How AI has changed my approach to writing
1. I am more likely to post "personal opinion"-style, or even emotional, content that's not factual / entirely subjective. Since AI has made it much easier to do research and compile factual summaries of any well-understood area of human knowledge, the value of pure-fact posts has decreased (though of course there's still value in knowing what to ask and curating / clarifying an LLM's findings). However, AIs cannot know or convey your unique perspective on subjective matters or internal experience.

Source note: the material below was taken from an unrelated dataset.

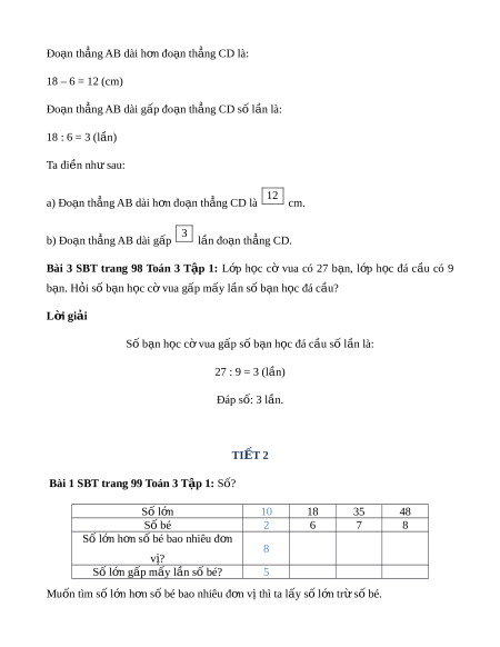 Bài 3 SBT trang 98 Toán 3 T p ậ 1: L p ớ h c ọ cờ vua có 27 b n, ạ l p ớ h c ọ đá c u ầ có 9 b n. ạ H i ỏ số b n ạ h c c ọ ờ vua g p m ấ y l ấ n s ầ ố b n h ạ c ọ đá c u? ầ L i ờ giải Số b n h ạ c ọ c vua g ờ p s ấ ố b n ạ h c đá c ọ u s ầ l ố n l ầ à: 27 : 9 = 3 (l n) ầ Đáp số: 3 lần. TI T Ế 2
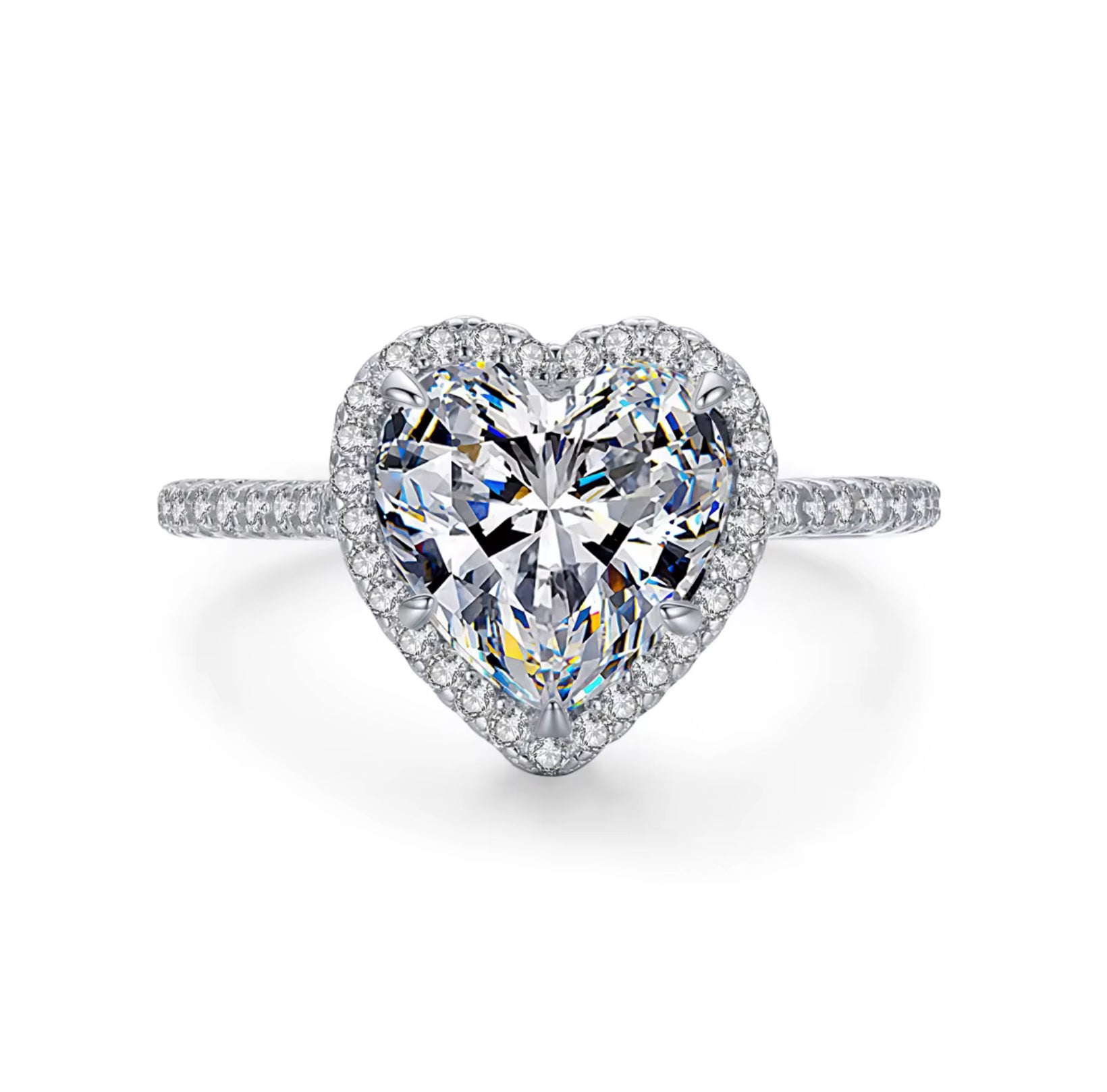 This romantic statement piece showcases a bold heart-shaped center stone, surrounded by a fully iced halo of VVS moissanite diamonds in D-Color (colorless) for maximum fire and sparkle. Each stone is meticulously hand-set and diamond-tester approved, delivering the look and brilliance of fine diamonds with unmatched clarity.

2. I am less likely to edit or polish my writing. I used to spend time ensuring my writing was free of grammatical errors. Now I edit much less, only enough to ensure the thoughts flow coherently and it's easy enough for someone to read. Partly as a signal that the prose was human-written, partly because the effort put into editing is no longer a good signal of caring because editing is effectively free (you can get an LLM to do it).
3. I am more likely to maintain a distinctive style. Another reason I edit less is that I want to maintain a distinctive, personal style. When the first good LLMs came out I'd often use them to rephrase content, asking them to make my prose flow better or be clearer. But these days I want some clumsy constructions or phrases in my writing that are distinctively mine, I want a personal writing "smell" just like AI writing has a smell. As more people use LLMs to write, their styles become more undifferentiated, and so having your own style lets you stand out. Also when it comes to personal, non-factual content, writing in your own distinctive voice helps convey internal thoughts more precisely; some of the meaning is in the precise choice of phrasing.